- It is time to sell some of the oil stocks in your investment portfolio, advises CNBC's Jim Cramer.
- "After a major supply shock failed to move the forward curve, we simply can't expect the oil companies to be aggressive long-term," the "Mad Money" host says.
- Additionally, Cramer says recent natural gas restriction in San Jose, California, show "the future is now for renewable fuels."
If your investment portfolio includes oil stocks, it is time to sell some of them, CNBC's Jim Cramer said on Thursday.
"I would scale them back," the "Mad Money" host advised.
If oil industry stocks "didn't have a sustained move" this week after roughly half of Saudi Arabia's oil production was lost in a drone attack, then "I don't know when it will," Cramer said.
The attack briefly caused the price of crude oil to rise to the mid-$60s, Cramer noted, but the U.S. West Texas Intermediate crude is back to around $58 a barrel, "as if there had not been an attack at all."
There are multiple, powerful reasons why the oil complex faces difficulties, Cramer said.
Among them: a slowing economy, a robust supply of crude in West Texas' Permian Basin and environmental concerns.
The increase in production in West Texas explains why the oil market wasn't impacted long-term by the attack in Saudi Arabia, Cramer said.
Plus, that production of oil and gas got a lift by the completion of a new pipeline, Cramer said. Now, it is "pushing American production up from 12 million barrels a day to 17 million in the not too distant future. A decade ago it was at 5 million," Cramer said.
"The market simply can't handle that much new supply, which is why oil in the outyears is so darned cheap," Cramer said.
The environmental concerns are important to consider, too.
Cramer pointed to the ban on natural gas in new residential projects that San Jose, California, passed this week as the latest warning sign for fossil fuels.
"This news is huge," said Cramer, who noted San Jose is the largest U.S. city to approve this kind of restriction. "It tells us that the future is now for renewable fuels."
While older money managers may hope the traditional energy complex will make a comeback, Cramer said the mindset is different among younger investors.
"Younger portfolio managers believe that oil and gas are the new coal," Cramer said, adding: "If you take climate change seriously, and most younger people do, including younger portfolio managers, then it's hard to believe in the long-term health of this industry."
Cramer said he is heeding his own advice, explaining that his charitable trust "took a brutal loss this week" on Schlumberger, the Houston-based supplier of technology for the oil and gas industries.

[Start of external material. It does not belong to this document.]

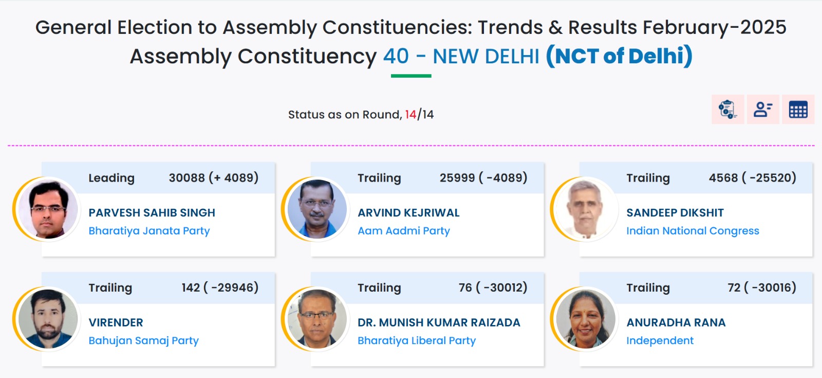 ಚುನಾವಣಾ ಆಯೋಗದ ವೆಬ್ಸೈಟ್ ನೀಡಿದ ಮಾಹಿತಿಯಂತೆ ಕ್ಷೇತ್ರದ ಒಟ್ಟು 14 ಸುತ್ತಿನ ಎಣಿಕೆಯಲ್ಲಿ 13ನೇ ಸುತ್ತಿನಲ್ಲಿ ಕೇಜ್ರಿವಾಲ್ ಅವರಿಗೆ 25,999 ಮತಗಳು ಲಭಿಸಿದ್ದು, ಬಿಜೆಪಿಯ ಪರ್ವೇಶ್ ವರ್ಮಾ ಅವರಿಗೆ 30,088 ಮತಗಳು ಲಭ್ಯವಾಗಿದೆ. ಈ ನಡುವೆ ಕಾಂಗ್ರೆಸ್ನ ಸಂದೀಪ್ ದೀಕ್ಷಿತ್ ಅವರಿಗೆ 4,568 ಮತಗಳು ಲಭ್ಯವಾಗಿದೆ.

Its sock is closed at $37.76 on Thursday, down from its 52-week high of $63.65. In September 2014, it was trading north of $100.
"I can't believe we sold this stock so much lower than where it was trading when oil was at half of these levels," Cramer said. "But after a major supply shock failed to move the forward curve, we simply can't expect the oil companies to be aggressive long-term."
Disclosure: Cramer's charitable trust owns shares of Schlumberger.